*PROBLEM DETAILS*. Copy word for word the lines in the records below, starting at the line with "GANTS DELTA PLUS" and ending at the line with "申瑞康落地式空氣凈化器由進(jìn)風(fēng)口、預". Skip the pictures.

*EXTRACTED DATA*.
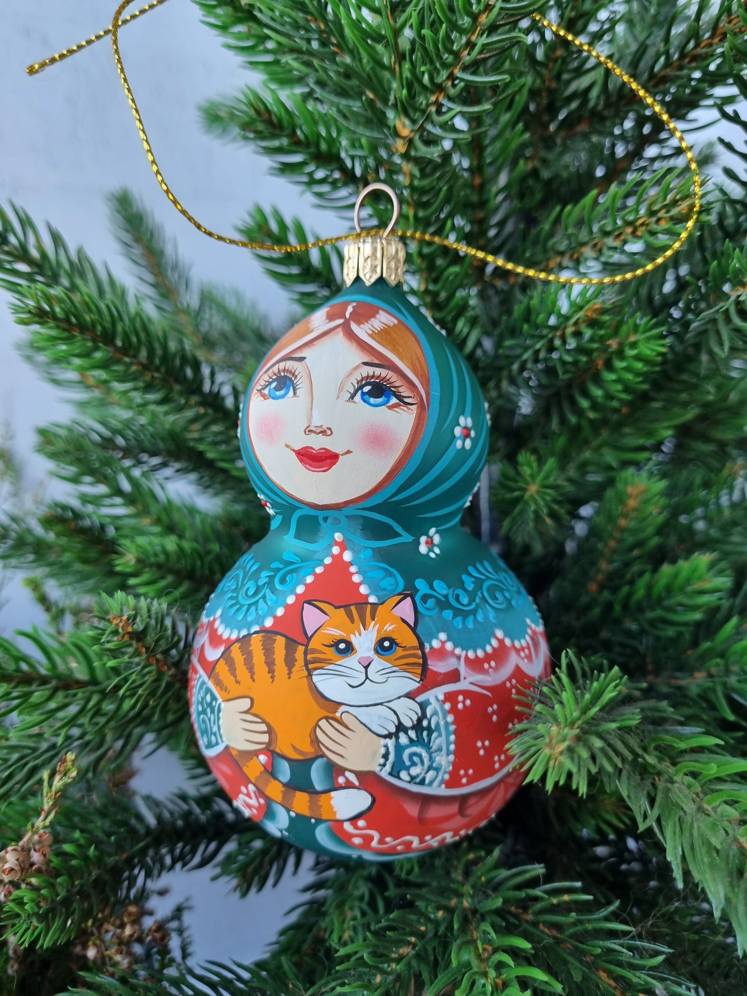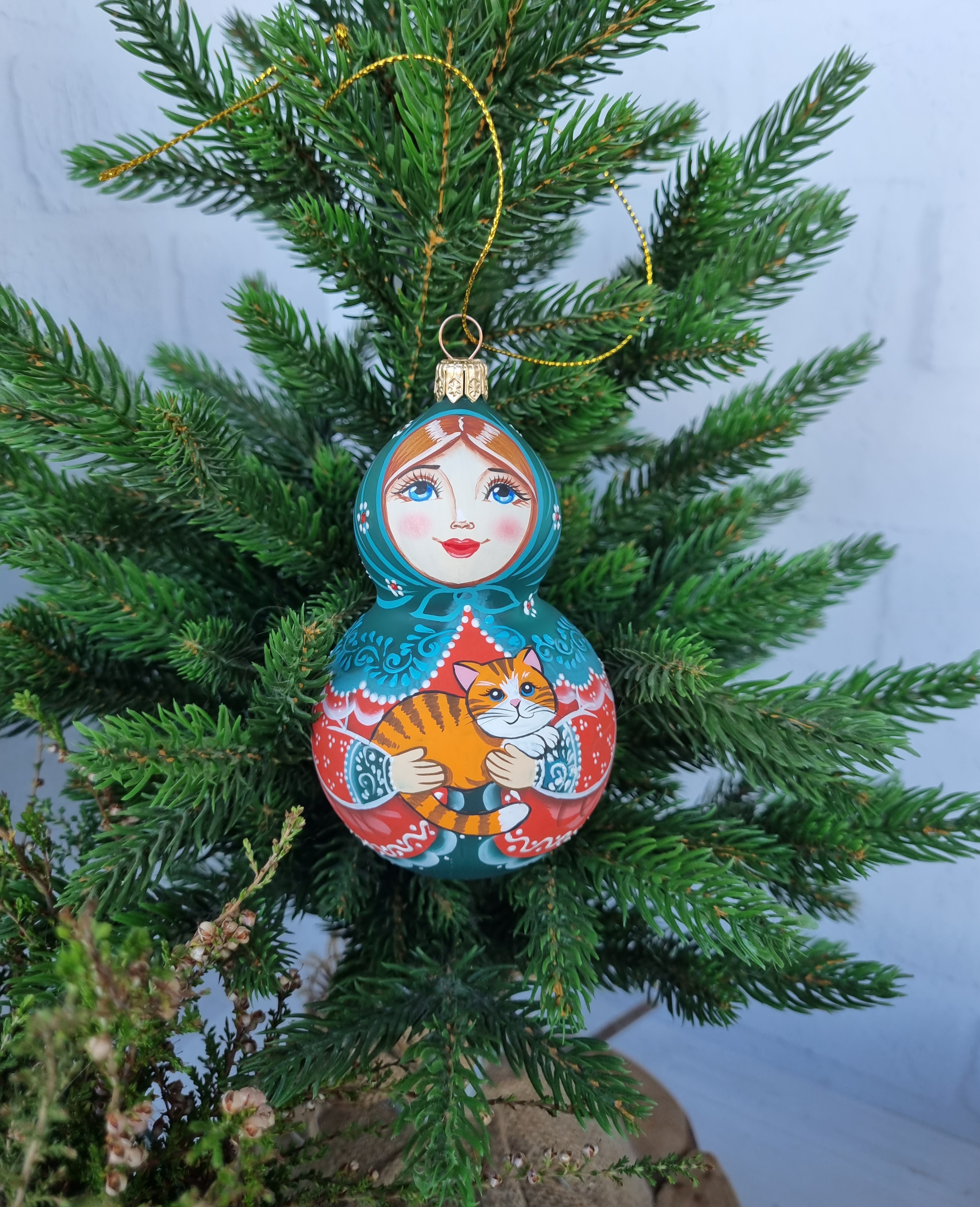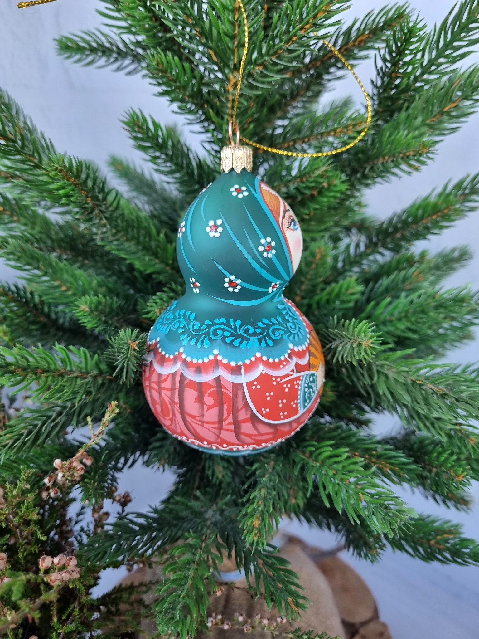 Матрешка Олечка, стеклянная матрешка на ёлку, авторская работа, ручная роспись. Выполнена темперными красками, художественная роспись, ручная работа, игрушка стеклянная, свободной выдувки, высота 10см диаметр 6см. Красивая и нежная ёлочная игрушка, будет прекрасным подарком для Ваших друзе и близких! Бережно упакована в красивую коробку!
...
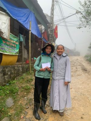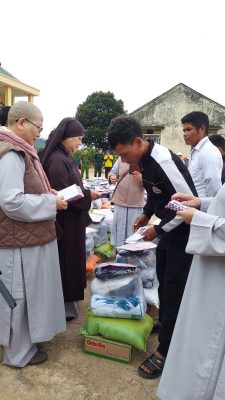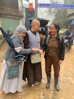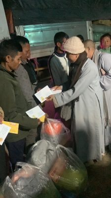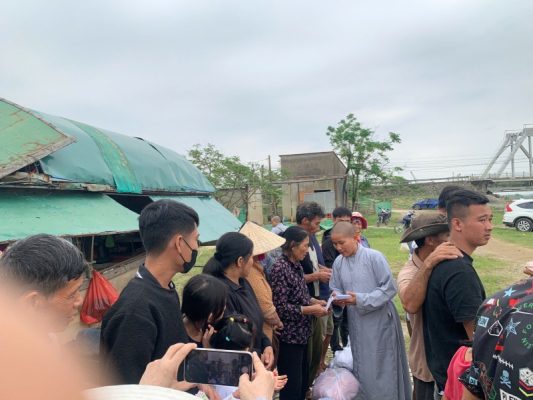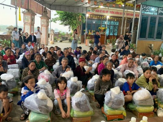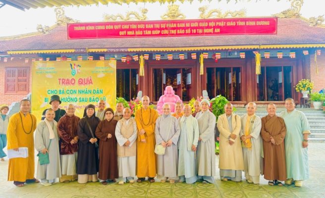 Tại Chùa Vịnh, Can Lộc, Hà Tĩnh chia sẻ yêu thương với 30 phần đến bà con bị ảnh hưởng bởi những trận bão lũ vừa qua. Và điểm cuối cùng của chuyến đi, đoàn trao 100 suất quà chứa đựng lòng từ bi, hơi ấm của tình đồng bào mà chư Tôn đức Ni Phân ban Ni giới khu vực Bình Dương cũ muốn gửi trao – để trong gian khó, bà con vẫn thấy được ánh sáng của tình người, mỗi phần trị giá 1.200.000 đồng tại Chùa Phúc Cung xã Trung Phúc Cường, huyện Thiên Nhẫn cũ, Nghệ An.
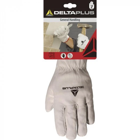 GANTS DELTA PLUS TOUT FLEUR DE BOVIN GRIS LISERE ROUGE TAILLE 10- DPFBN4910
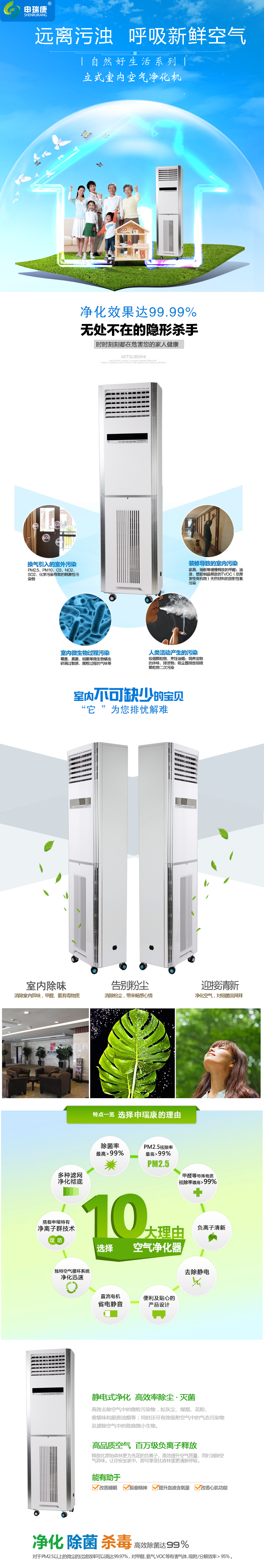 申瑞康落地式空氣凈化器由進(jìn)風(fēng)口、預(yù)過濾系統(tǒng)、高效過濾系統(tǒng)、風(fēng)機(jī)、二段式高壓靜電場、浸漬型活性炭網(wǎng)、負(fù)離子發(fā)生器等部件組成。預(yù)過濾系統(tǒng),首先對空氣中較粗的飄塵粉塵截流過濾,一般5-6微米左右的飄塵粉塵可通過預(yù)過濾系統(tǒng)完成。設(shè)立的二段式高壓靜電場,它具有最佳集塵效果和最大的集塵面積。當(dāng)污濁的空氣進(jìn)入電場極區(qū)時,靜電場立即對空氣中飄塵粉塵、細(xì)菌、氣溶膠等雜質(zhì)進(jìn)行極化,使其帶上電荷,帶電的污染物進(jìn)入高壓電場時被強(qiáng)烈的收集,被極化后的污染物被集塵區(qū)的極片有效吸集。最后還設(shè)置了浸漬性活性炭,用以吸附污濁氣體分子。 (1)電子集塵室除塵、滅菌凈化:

*EXERCISE OUTPUT*.
 GANTS DELTA PLUS TOUT FLEUR DE BOVIN GRIS LISERE ROUGE TAILLE 10- DPFBN4910
 申瑞康落地式空氣凈化器由進(jìn)風(fēng)口、預(yù)過濾系統(tǒng)、高效過濾系統(tǒng)、風(fēng)機(jī)、二段式高壓靜電場、浸漬型活性炭網(wǎng)、負(fù)離子發(fā)生器等部件組成。預(yù)過濾系統(tǒng),首先對空氣中較粗的飄塵粉塵截流過濾,一般5-6微米左右的飄塵粉塵可通過預(yù)過濾系統(tǒng)完成。設(shè)立的二段式高壓靜電場,它具有最佳集塵效果和最大的集塵面積。當(dāng)污濁的空氣進(jìn)入電場極區(qū)時,靜電場立即對空氣中飄塵粉塵、細(xì)菌、氣溶膠等雜質(zhì)進(jìn)行極化,使其帶上電荷,帶電的污染物進(jìn)入高壓電場時被強(qiáng)烈的收集,被極化后的污染物被集塵區(qū)的極片有效吸集。最后還設(shè)置了浸漬性活性炭,用以吸附污濁氣體分子。 (1)電子集塵室除塵、滅菌凈化:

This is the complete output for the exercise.